Celâleddin el-Mizzî: "Hâfız, bildiği râvîlerin sayısı bilmediğinden çok olandır" şeklinde tarif eder.
İbn Seyyidi'n-Nâs' ise şöyle tanımlar: "Kendi üstadlarını ve üstadlarının üstadlarını tabaka tabaka bilen ve her tabakada bildiği bilmediğinden çok olandır."

Hadis hâfızlarında bazı özellikler aranmaktadır: Allah Rasûlü'nün sünnetlerini bilmek; yollarına vâkıf olmak; isnadları birbirinden ayırma yeteneğine sahip olmak; sıhhatlerinde ittifak edilen ve nakillerinde ihtilâf edilen sünnetleri ezberlemek; müdrec lâfızları tanımak; hadiste geçen ifadeden râvinin sahâbe veya tâbiînden olduğunu anlamak.
Hadis tenkitçileri, hâfızlarda aranan özelliklerin zorluğuna dikkat çekerek her devirde çok az hâfızın olacağını hatta olamayacağını belirtmişlerdir.
Hâfızların ezberlemeleri gerekli olan hadislerin sayısı hakkında da tam bir görüş birliği yoktur. Hâfızın en az yirmi bin hadîsi ezbere bilmesi gerektiği zikredilmektedir. Bu sayı bazılarına göre ikiyüz bindir. Bu konuda kesin bir rakam vermek mümkün olmamakla beraber hâfızların bilmeleri gereken hadîs sayısının yüzotuz bin ile. yediyüz ellibin arasında olduğu belirtilmektedir.
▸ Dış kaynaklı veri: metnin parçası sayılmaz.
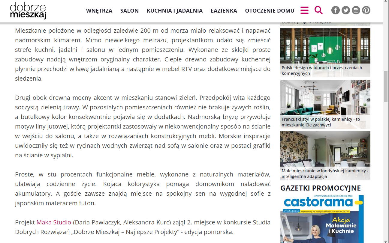 publikacja projektu w magzaynie Dobrze Mieszkaj.

Abdurrahman b. Mehdî (öl. 198), İbn Ebî Şeybe (öl. 235), İbn Asâkir (öl. 571), Abdullah b. Abdurrahman ed-Dârimî (öl. 255), İbn Ebî Hâtim er-Râzî (öl. 327), İbn Abdi'l-Berr (öl. 463) belli başlı hâfızlardandır.
Ayrıca kütüphanelerde okuyuculara aradığı kitabı veren ve kitaplarla ilgili sorumluluğu olan kitapları koruyan kişilere de "hâfız-ı kütüb" adı verilirdi.